Katrina turned Bite Me on to a joint where she could score the fruity concoction and food as well -- not just any food, but food of the raw fish variety. Jackpot!
The sushi at Sapporo in Scottsdale turned out to be amazing. Their eel is simply spectacular. And their Wa Wa Roll? As Chachi used to say about Joannie . . . wa wa wa! A delectable combination of snow crab, asparagus and crab.
The interior of Sapporo is glorious. Multileveled and stuffed to the gills with chefs at sizzling grills, the place just dazzles you when you walk inside. You almost expect flashbulbs to go off. Everywhere you look you see a cluster of hot blonde chicks sashaying up to the sushi bar or sucking down stiff cocktails on the outdoor patio. It's got it all. It's a pickup joint and a stellar sushi joint, and then there are them fruit drinks that brought Bite Me there in the first place. Bite Me was salivating in anticipation of tasting the Passion Mango Martini. With good cause. It took one to get her good and toasted. One. Fortified aplenty, Bite Me relaxed and waited for good-lookin' people to bother. She felt sure she'd get some typical Scottsdale betties out lookin' for action. After her previous week's adventure chasing down strip club customers, she thought she'd seen all there was of the underbelly of this here strait-laced town. On the contrary. Seems the Phoenician asses ain't quite as tight as Bite Me'd thought. Heh, cool.

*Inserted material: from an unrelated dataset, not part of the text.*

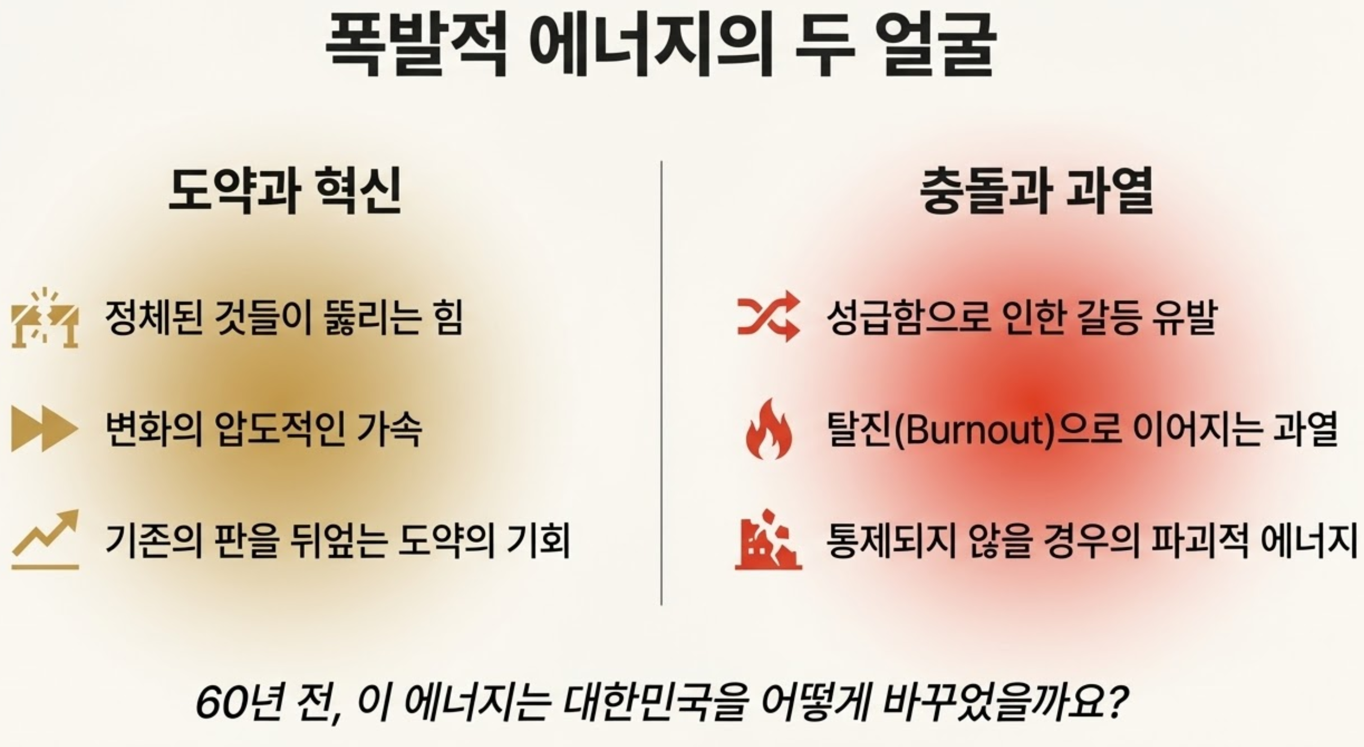 💡 상담학적 관점에서 볼 때, '불'과 '말'의 만남은 폭발적인 에너지를 의미합니다. 말 자체도 역동적인데 거기에 불까지 붙었으니 오죽할까요? 이는 정체되어 있던 것들이 뚫리고, 변화의 속도가 무시무시하게 빨라짐을 암시합니다. 좋게 말하면 '혁신'과 '도약'이지만, 자칫하면 '충돌'과 '과열'이 될 수도 있다는 뜻입니다. 60년 전, 이 에너지가 대한민국을 어떻게 바꿔놓았는지 살펴보면 소름이 돋을 정도입니다.

Linda Nguyen and Ben Graff
Bite Me: So what do you do?
Linda: I'm a waitress.
Bite Me: Here?
Linda: No, at the Cheesecake Factory.
Bite Me: I've never eaten there. Is it good? What do they have besides cheesecake?
Linda: They have everything, steaks, burgers, salads, sandwiches, pastas, seafood . . . oh, and cheesecake.
Bite Me: What did you eat here tonight?
Linda: We had the teppanyaki.
Bite Me: Was it yaki or not so yaki? (Bite Me is well aware that she be comin' 'cross as some manner-o-dipshit. She don't be carin'.)
Linda: It was great.
Ben: We had the Pacific Rim chicken; they cook everything right at the table.
Bite Me: Sounds cozy. Where do you work, mister man?
Ben: The Melting Pot.
Bite Me: Wild! Do you get a lot of couples there? I saw a menu from there. It made me salivate. (Bite Me wonders what kind of first date that would be, sharing meat on a skewer dipped in sauces. What is it like to see a person you just met double-dip? You share spit before you, well, share spit. That's some serious intimacy.)
Bite Me: How long have you two been together?
Linda: Four years. (Bite Me is shocked by this revelation. She'd have sworn these two were on a first date. It provided her with some hope that long-term relationships can actually retain spark.)
Bite Me: How'd you two meet?
Ben: We met at ASU. We were in the same dorm.
Bite Me: So what do you want to be when you grow up?
Linda: He's going to law school next fall. We don't know where.
Bite Me: Well, Ben, are you bringing your girl to law school?
Ben: Yeah. We don't know where we're going. But we're together for sure. We don't know where we'll end up, but . . .
Linda: We decided, wherever he goes, we go.
Bite Me: Oh, you're so cute.
Content sales manager, Hustler
Bite Me: Hertz? Like rent-a-car? Are you related?
Laurel: I wish. I work for Hustler.
Bite Me: My hero. Larry Flynt. Do you know him? (Bite Me isn't lying about lovin' Larry. She saw the guy regularly at her favorite diner in Hollywood. He actually resembles a bullfrog but there's still something so bad-ass lookin' about the guy. He sells mass porn unapologetically and still claims to love the Lord. Ya gotta love that.)
Laurel: No. I work on the Internet site. We sell Hustler's video feeds to other adult Webmasters.
Bite Me: Oh, okay. So are you really busy because everybody loves Larry?